Вторая цель – покататься на „машине времени“, без цели и плана, вспоминая всех тех, кого знала в жизни – с самого детства. Об этом просят меня читатели и критики, которым я очень признательна за то, что они исполнили мою просьбу и действительно подарили временное бессмертие, полюбив тех, о ком я писала в предыдущих книгах. Расскажу о детстве, о своей семье (хотя я, должна признаться, не считаю детство самым прекрасным временем жизни), о первых творческих успехах и разочарованиях, о детстве Георгия Иванова, о его семье, о его взаимоотношениях с разными литераторами.
И наконец, третья цель – отблагодарить моих читателей, кто так живо откликнулся на мои книги и кому дорого прошлое русской культуры».
Наши встречи происходили по четвергам. И. Одоевцева заранее обдумывала содержание следующей главы. Это продолжалось до самой ее болезни, а затем отъезда в Ленинград. Дома я редактировал текст, перепечатывал и приносил показать И. Одоевцевой. Она меняла одно-два слова. Работа шла легко и быстро. Свидетелем этих встреч иногда была ближайшая парижская подруга Ирины Владимировны Соня Ардашникова (Иваницкая). Таким образом, предлагаемые тексты – последнее из того, что было создано И. Одоевцевой за ее долгую, покрывшую собой целые эпохи, нарождение и гибель миров, только что оборвавшуюся жизнь.
Нумерация глав условна. Отдельный текст посвящен одному из крупнейших поэтов эмиграции Юрию Одарченко.
Александр Радашкевич
I
Мне шесть лет. Меня будят, надевают на меня белое плиссированное платье и тащат в столовую. У родителей сегодня гости, и меня, как это часто бывает, заставляют читать стихи. Моим родителям казалось, что гостей это очень развлекает, но я уже и тогда понимала, что им это скучно. Меня ставят на буфет, и я сейчас же начинаю читать весь свой репертуар: басня «Maître Corbeau», «New Year’s Bell», «Три пальмы» по-русски и по-немецки – целую «серьезную» балладу «Der Taucher» Шиллера. Я все еще безграмотна: не умею ни читать, ни писать. В России детей начинали учить грамоте не раньше семи лет. Но у меня была удивительная память: я выучивала наизусть вещи, которые мне часто читали вслух.

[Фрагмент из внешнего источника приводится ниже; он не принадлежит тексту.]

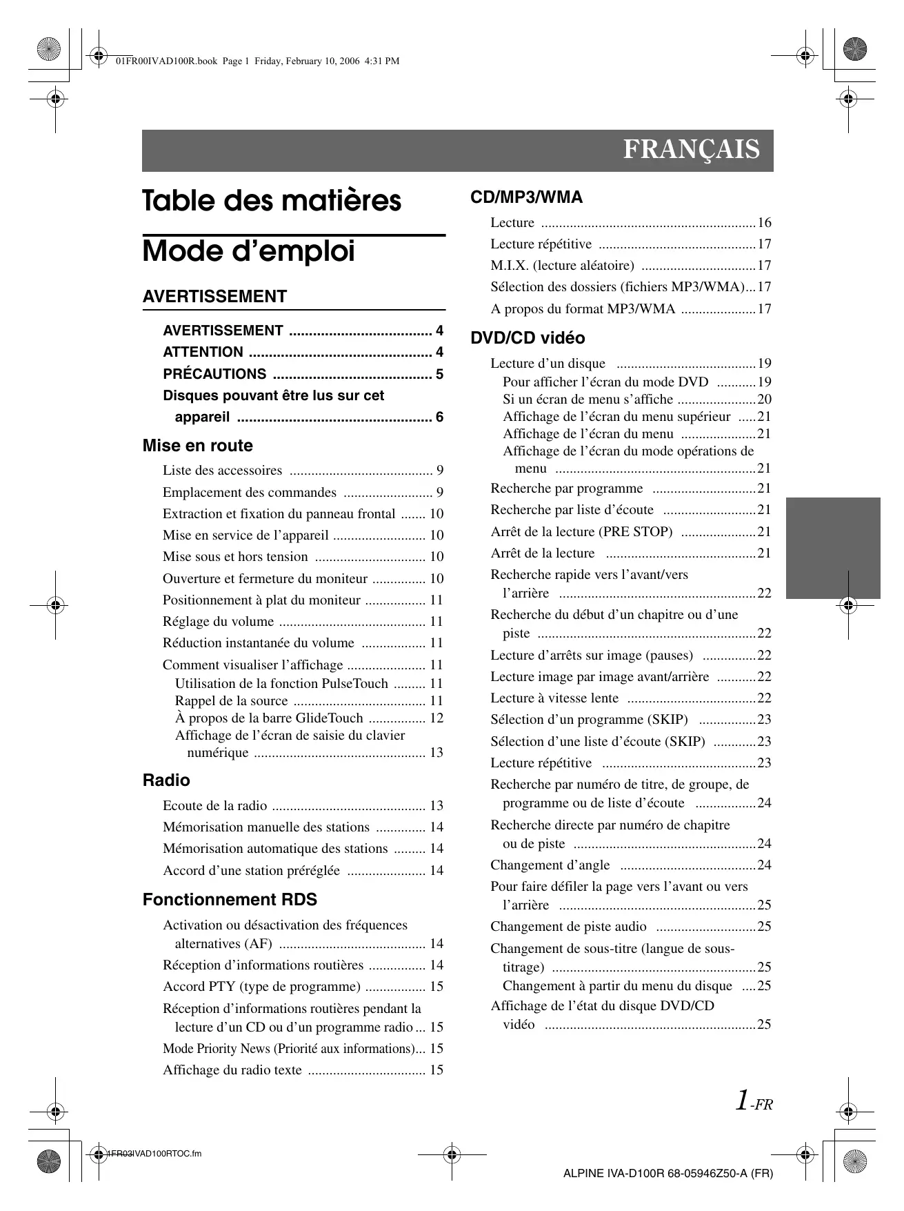 - 1-FR 01FR03IVAD100RTOC.fm ALPINE IVA-D100R 68-05946Z50-A (FR) 01FR00IVAD100R.book Page 2 Friday, February 10, 2006 4:31 PM Autres fonctions pratiques Réglage du son (Réglage des graves/aigus/de balance/du fader/du contour/du subwoofer/ NAV. LEVEL/Defeat) p. 26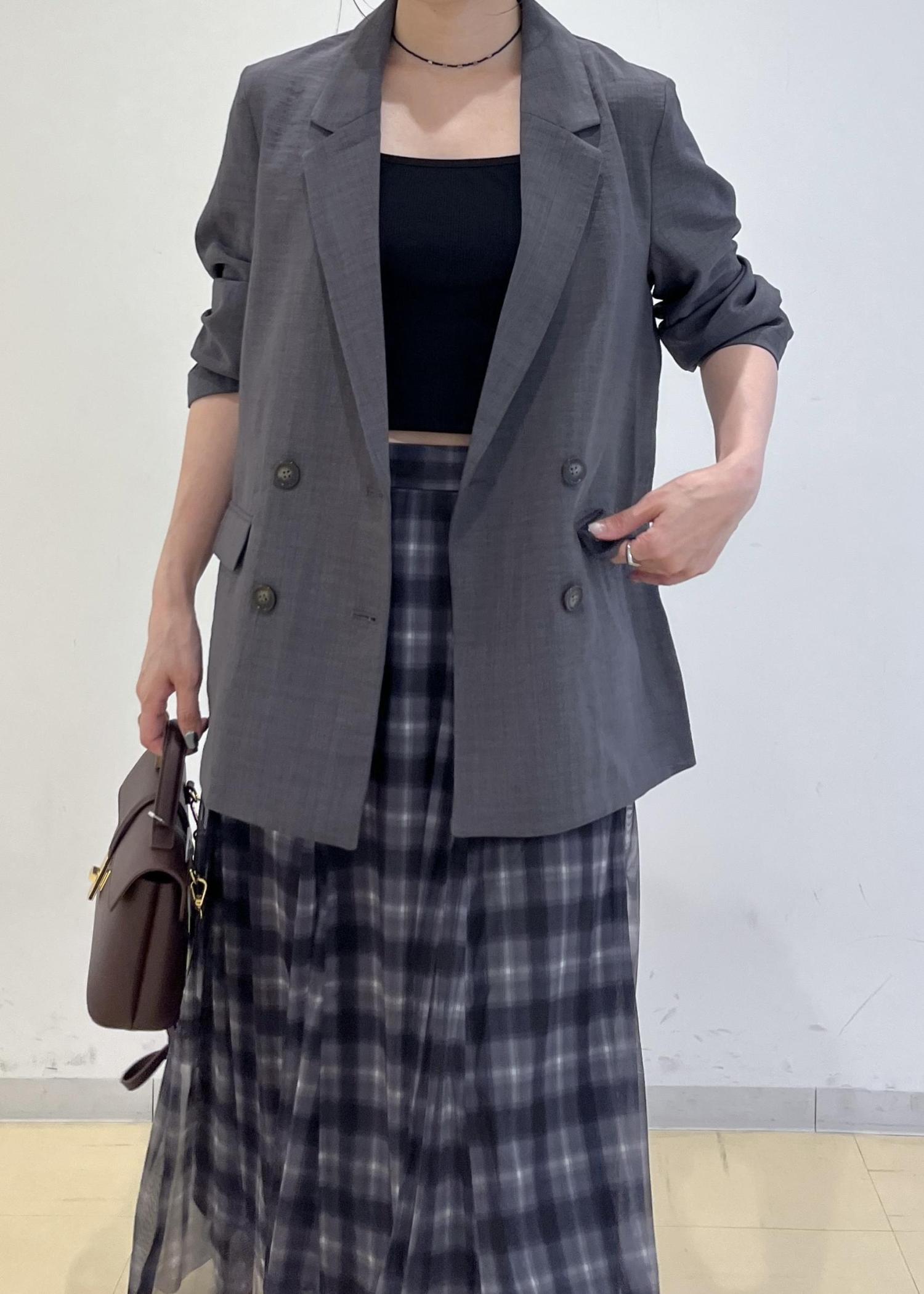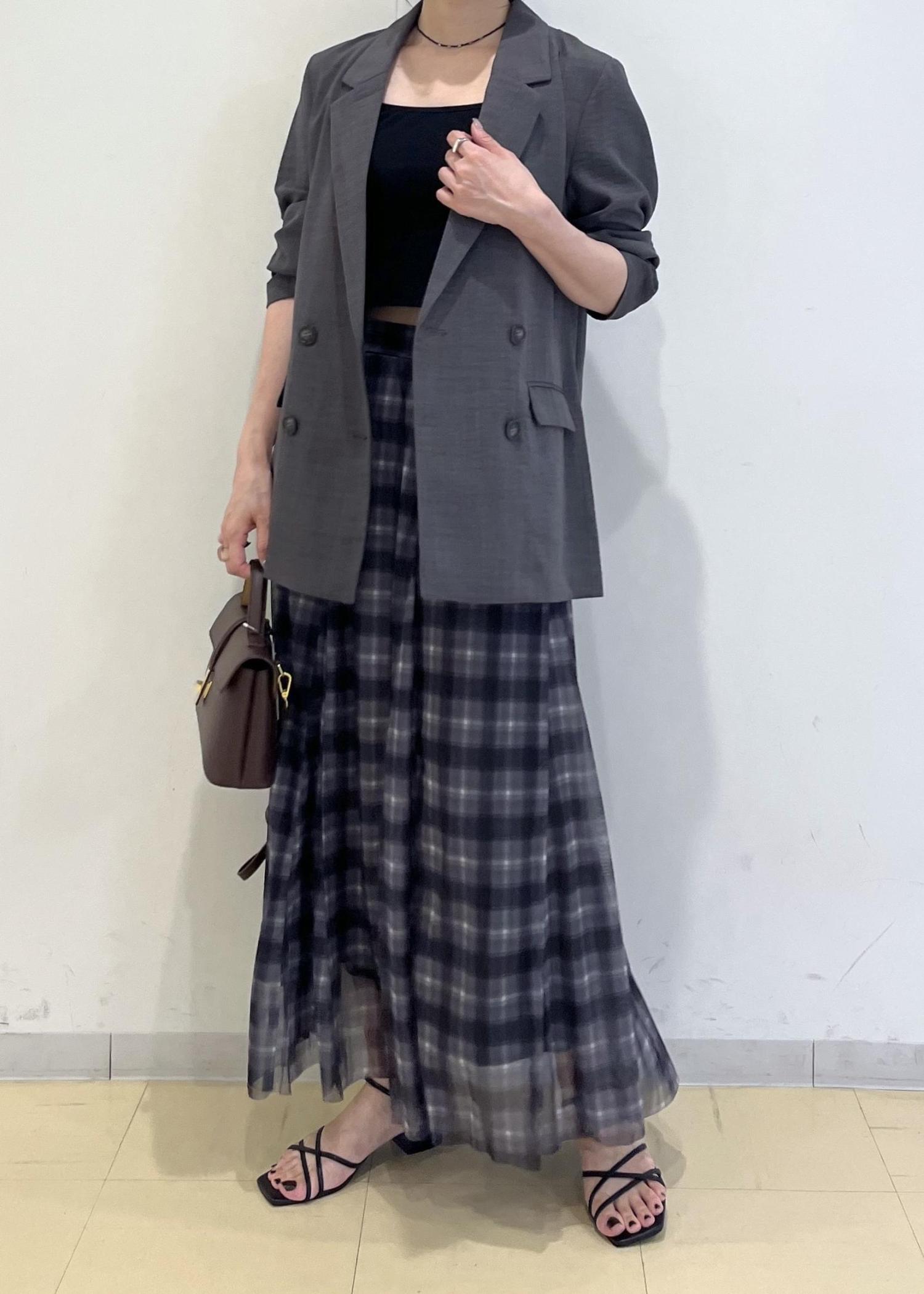 スカートの色味に合わせて他はモノトーンでまとめました。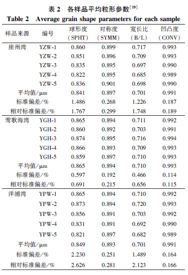 表2 測量結(jié)果顯示,崖州灣岸灘斷面五個部位的球形度和寬長比的相對標準偏差都在1.75%左右;對稱度和凹凸度的相對標準偏差都在0.2%附近,這相對于球形度和寬長比穩(wěn)定了很多;說明了在同一岸灘斷面不同部位,球形度和寬長比變化非常大,而對稱度和凹凸度的變化相對較小,這個結(jié)論和顆粒形狀參數(shù)累計曲線得到的結(jié)果一致。然后分析鶯歌海灣和洋浦灣的數(shù)據(jù)結(jié)果也得到了類似于崖州灣的結(jié)論。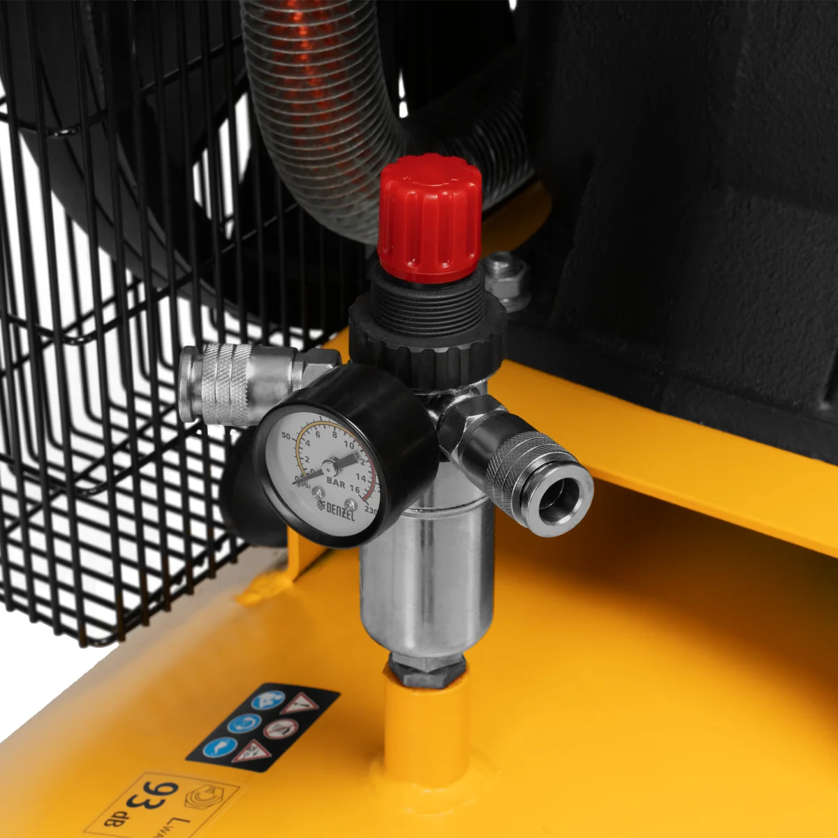 Воздушный компрессор Denzel BCV 5500-T/270 58125 с ременным приводом, мощностью 5,5 кВт и производительностью 850 л/мин, с ресивером объемом 270 л, — источник сжатого воздуха для работы с пневмогайковертом, пневмодрелью, краскопультом, углошлифовальной машиной или другим пневмоинструментом. Двигатель с медной обмоткой обеспечивает стабильную работу в течение длительного времени. Для подключения инструмента предусмотрено 2 быстросъемных коннектора Рапид (Евро) и штуцер «елочка» с краном. Специальный порт позволяет подключить напрямую дополнительный ресивер или пневмомагистраль. Компрессор отличается высокой производительностью и будет полезен на строительной площадке и станции техобслуживания.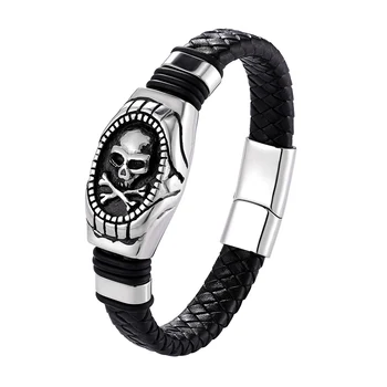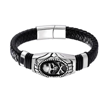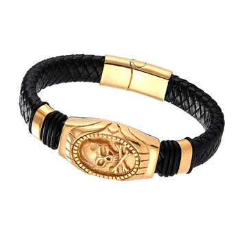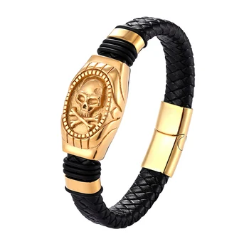 The ‘Jacob’ Stainless Steel Skull Leather Bracelet is a bold statement piece that captures the essence of edgy sophistication. This striking accessory features a meticulously crafted gold-toned skull, symbolizing strength and rebellion, set against the backdrop of intricately braided black leather. The fusion of the skull motif with the classic elegance of the bracelet creates a compelling contrast that’s sure to turn heads.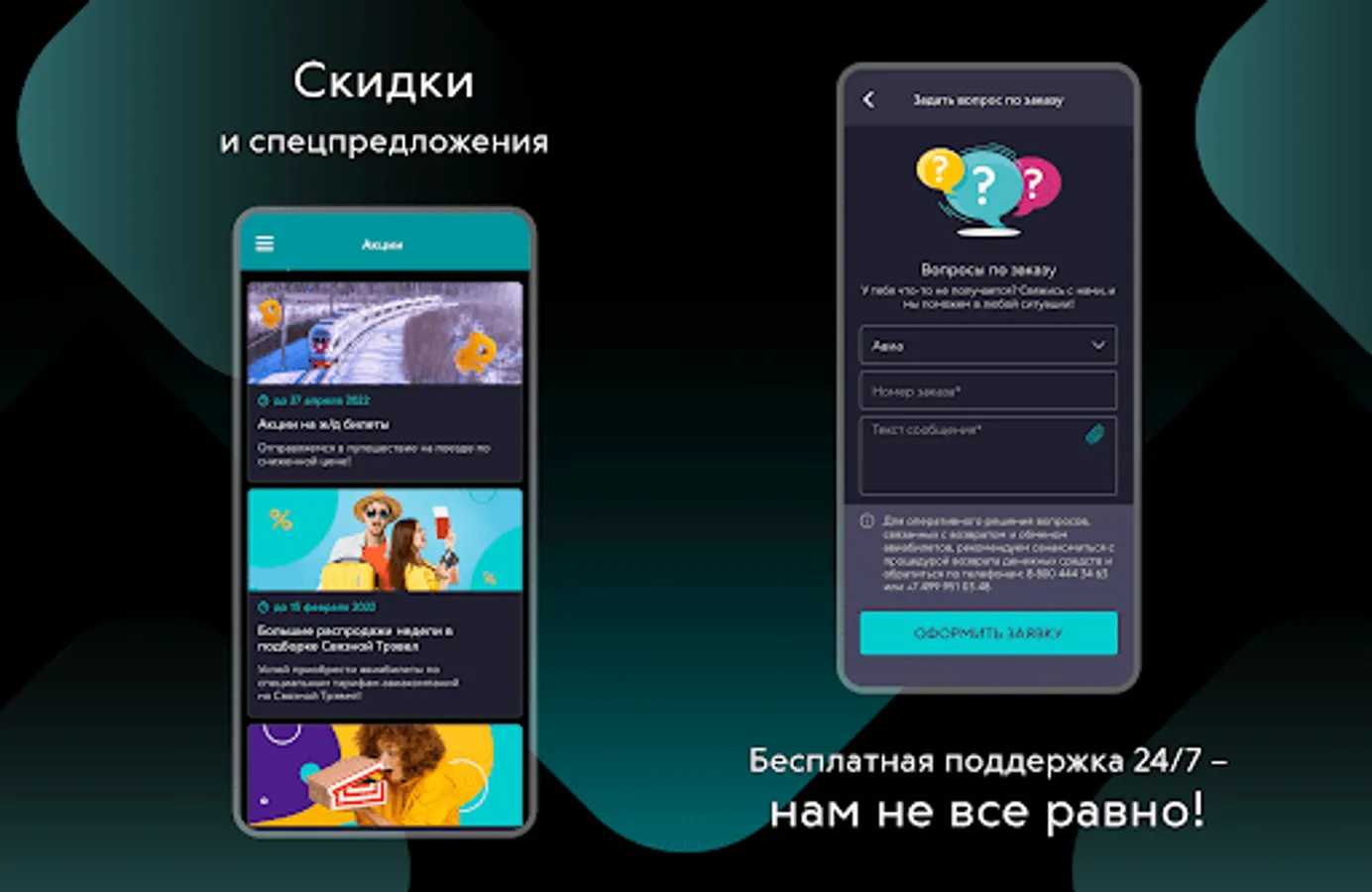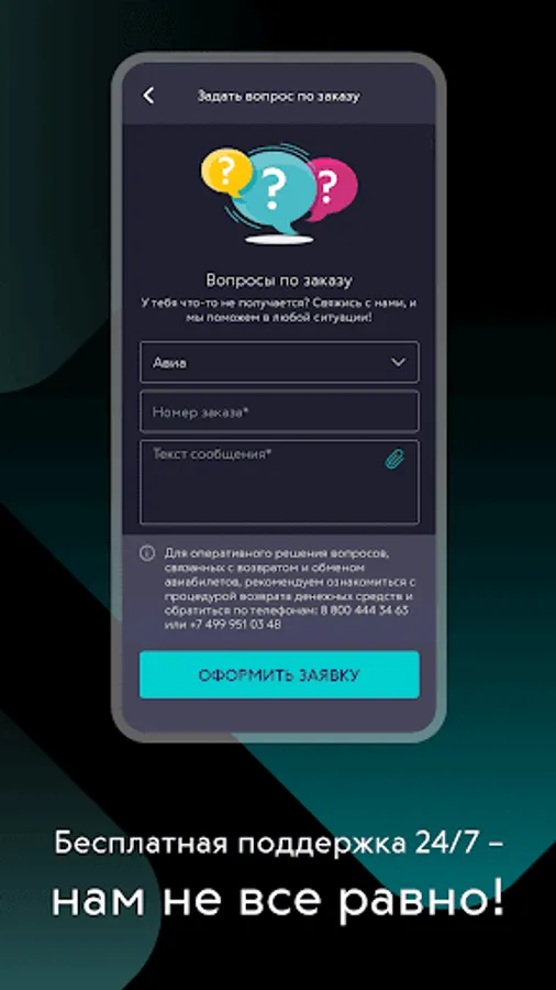 • "Hotline": our specialists will help you quickly make an exchange or refund of air tickets and solve other issues in the built-in chat (on Android 4.4 and higher).

Прочитав весь свой репертуар и выслушав аплодисменты, я уже собралась слезать с буфета. Но тут одна из дам обратилась ко мне: «Деточка, а ты не знаешь ли что-нибудь по-русски – „Жил-был у бабушки серенький козлик“ или что-нибудь такое?» Я выпрямилась и с гордостью ответила: «Знаю!» И сразу начала читать:
Хочу быть дерзкой, хочу быть смелой, Хочу одежду с себя сорвать, Хочу упиться душистым телом, Хочу тобою обладать.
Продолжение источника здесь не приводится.